The lightning rod continues to be Ahmed Chalabi, the mercurial Iraqi exile leader whom neoconservatives at the Pentagon once hoped to install as head of a provisional government on the opening day of the war. That half-baked plan was abandoned by the administration at the eleventh hour, but Chalabi and his formidable lobby in Washington have never given up the fight. Iraqis who are described as his allies recently took control of the two most important interim ministries, Interior and Defense. And just this week, Chalabi's nephew, Salem Chalabi, was named to oversee the most visible symbol of the new Iraq, the trial of Saddam Hussein.

Will Brahimi replace Chalabi and other former Iraqi exiles with the U.N. envoy's own appointees? Will Bush put teeth into his rhetorical support for Brahimi by curbing Chalabi's influence? Will the U.S. National Security Council at last impose one Iraq strategy on the feuding agencies of the U.S. government? Stay tuned.

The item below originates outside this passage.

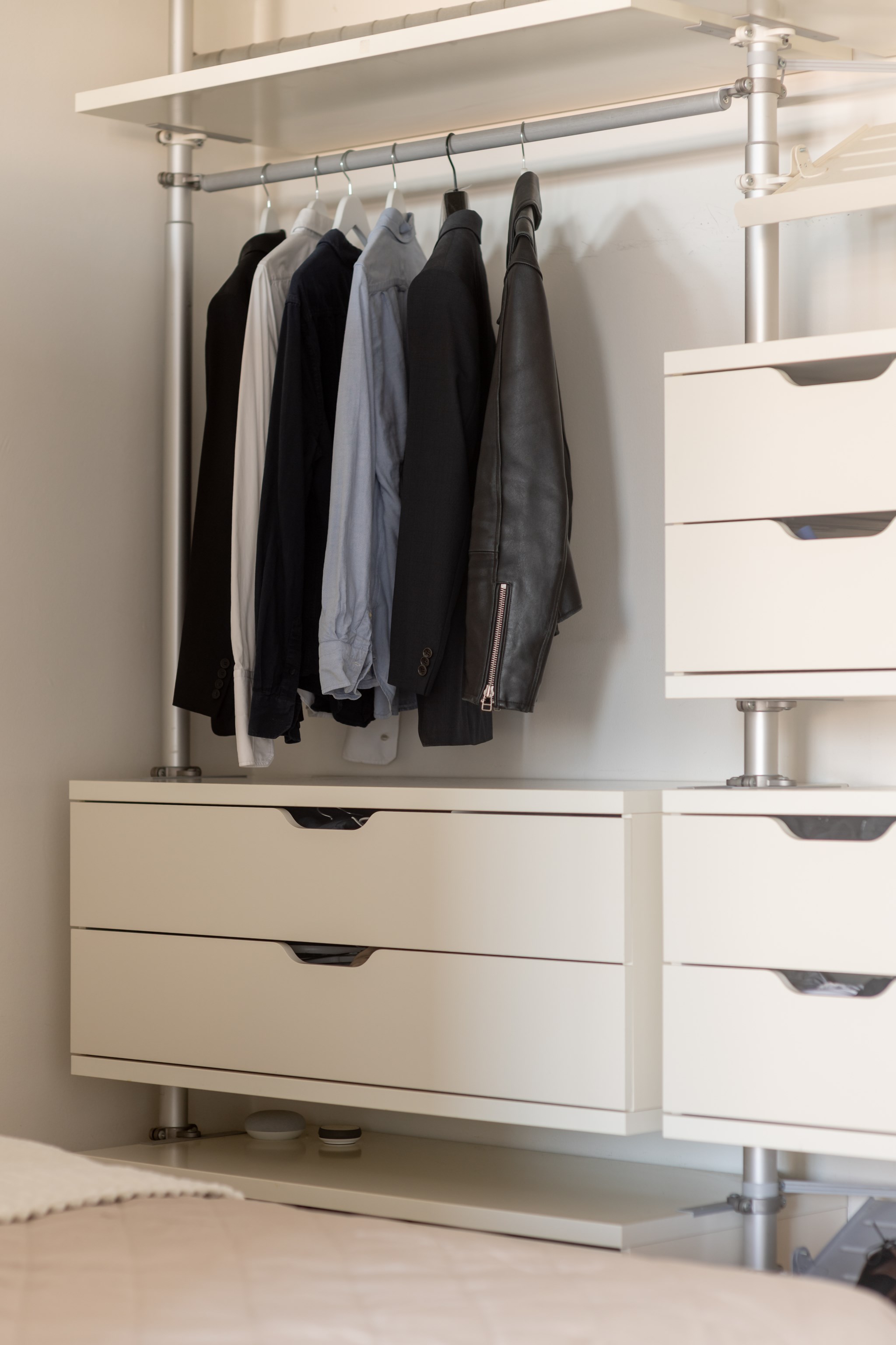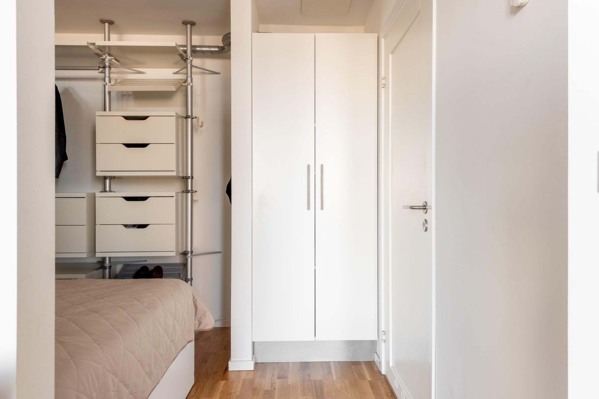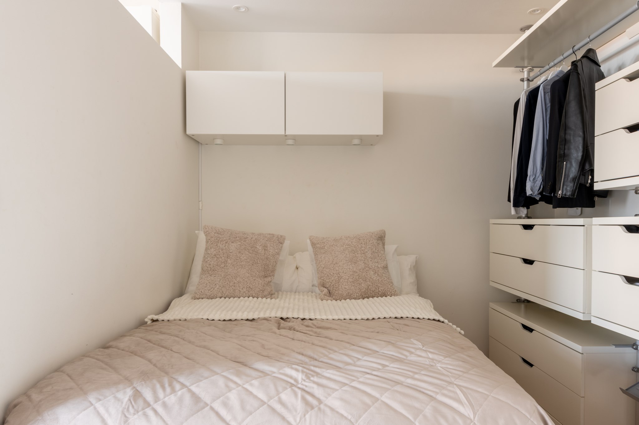 Sovrummet är en privat vrå, rogivande och välplanerat. Här finns förvaring både i garderober och i öppen lösning, och platsen lämpar sig lika väl för lugna kvällar som för tidiga morgnar i en stilla start.

Chalabi has a potent survival weapon in captured Iraqi files detailing the corruption in the U.N.'s oil-for-food program during Hussein's time. Some of us were writing about that corruption when it was happening, and it was indeed outrageous. But that information shouldn't become part of a back-alley fight for political control of the new Iraq.

Bush would be wise to trust the Americans who know Iraq best -- the military commanders in the field. They can channel money and other assistance to political, tribal and religious leaders around the country. The Army general chosen to oversee training of Iraqi security forces after June 30, Maj. Gen. David H. Petraeus, showed how to make this strategy work when he was commander of U.S. forces in northern Iraq. These reconstruction efforts will be more important after June 30, not less.

Washington needs to make sure it has just one Iraq policy, rather than several competing ones, and then fight hard to make it work. The bad times are far from over in Iraq, but at least Washington will have international help in trying to cope with them.